Omit every picture and return the rest of the data unaltered.

Source data.
☆ ☆ ☆ ☆

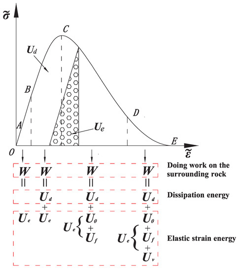 It can be seen from Figure 12 that the work dong on the rock exerted by external force is partially dissipated by the nonlinear internal mechanism of the rock and formed dissipative energy , and the other part is transformed into the elastic strain energy and stored in the rock. After the plastic softening stage, the peak strength is exceeded. A large number of cracks are generated and the cracks begin to penetrate until a macroscopic main crack is formed. The rock deformation mainly manifests as a block slip along the macroscopic fracture surface. When the critical point of failure is reached, the elastic strain energy stored in the rock releases energy in a direction that is easy to release, that is, the direction of the minimum principal stress. When the amount of energy released in this direction reaches the energy required for the rupture of the unit body, the rock unit is totally destroyed. The surrounding rock in the deep cavern is in an elastoplastic state under high geostress conditions. Near the cavern wall, a plastic zone is formed due to plastic yield under high stress, and the elasticity is still deep in the surrounding rock. Both the plastic zone and the elastic zone of the surrounding rock store some of the elastic strain energy .
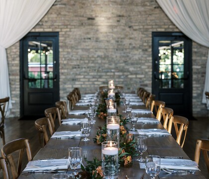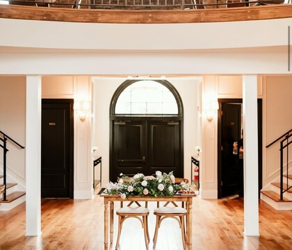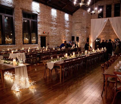 This romantic venue offers a selection of exquisite spaces for you to host your momentous occasion. Boasting classic American architectural features from vaulted ceilings to original brick walls, this venue provides a stunning backdrop for an unforgettable celebration. The District has an English basement where you can find a luxurious get-ready room and a full catering kitchen. The Grand room offers a 3000 square foot space where you can host a lively reception of dancing, and your choice of entertainment. This beautiful area opens to an equally spacious sheltered patio that can be used year-round for an outdoor soiree. A private alley offers a place for food trucks and games or can be used as an additional space for your wedding celebrations.
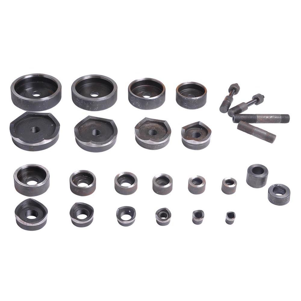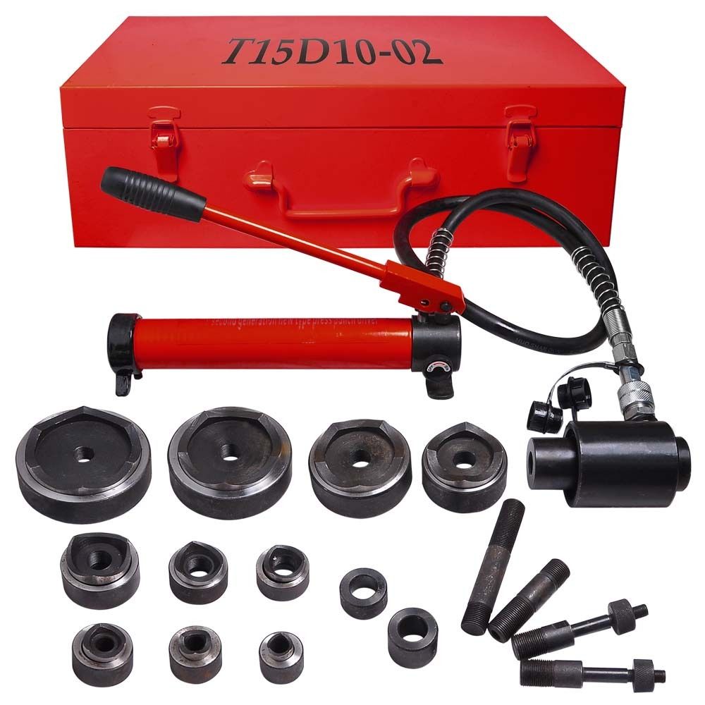 -Herramientas de perforación completas: el kit de herramientas de perforación hidráulica incluye 1 bomba de 15 toneladas, 2 pernos de tracción, 2 ejes de pistón, 2 espaciadores y 10 juegos de troqueles y punzones intercambiables para 1/2", 3/4", 1", 1 Tamaños de conductos de 1/4", 1 1/2", 2", 2 1/2", 3", 3 1/2" y 4", pueden perforar orificios de diferentes tamaños en acero inoxidable, hierro, acero, aluminio y plástico, etc. Grosor máximo de perforación de 1/8" (calibre 11) para hierro y 1/16" (calibre 16) para acero inoxidable, perfecto para usar en diferentes proyectos de perforación.

☆ ☆ ☆ ☆

Task answer.
 It can be seen from Figure 12 that the work dong on the rock exerted by external force is partially dissipated by the nonlinear internal mechanism of the rock and formed dissipative energy , and the other part is transformed into the elastic strain energy and stored in the rock. After the plastic softening stage, the peak strength is exceeded. A large number of cracks are generated and the cracks begin to penetrate until a macroscopic main crack is formed. The rock deformation mainly manifests as a block slip along the macroscopic fracture surface. When the critical point of failure is reached, the elastic strain energy stored in the rock releases energy in a direction that is easy to release, that is, the direction of the minimum principal stress. When the amount of energy released in this direction reaches the energy required for the rupture of the unit body, the rock unit is totally destroyed. The surrounding rock in the deep cavern is in an elastoplastic state under high geostress conditions. Near the cavern wall, a plastic zone is formed due to plastic yield under high stress, and the elasticity is still deep in the surrounding rock. Both the plastic zone and the elastic zone of the surrounding rock store some of the elastic strain energy .
 This romantic venue offers a selection of exquisite spaces for you to host your momentous occasion. Boasting classic American architectural features from vaulted ceilings to original brick walls, this venue provides a stunning backdrop for an unforgettable celebration. The District has an English basement where you can find a luxurious get-ready room and a full catering kitchen. The Grand room offers a 3000 square foot space where you can host a lively reception of dancing, and your choice of entertainment. This beautiful area opens to an equally spacious sheltered patio that can be used year-round for an outdoor soiree. A private alley offers a place for food trucks and games or can be used as an additional space for your wedding celebrations.
 -Herramientas de perforación completas: el kit de herramientas de perforación hidráulica incluye 1 bomba de 15 toneladas, 2 pernos de tracción, 2 ejes de pistón, 2 espaciadores y 10 juegos de troqueles y punzones intercambiables para 1/2", 3/4", 1", 1 Tamaños de conductos de 1/4", 1 1/2", 2", 2 1/2", 3", 3 1/2" y 4", pueden perforar orificios de diferentes tamaños en acero inoxidable, hierro, acero, aluminio y plástico, etc. Grosor máximo de perforación de 1/8" (calibre 11) para hierro y 1/16" (calibre 16) para acero inoxidable, perfecto para usar en diferentes proyectos de perforación.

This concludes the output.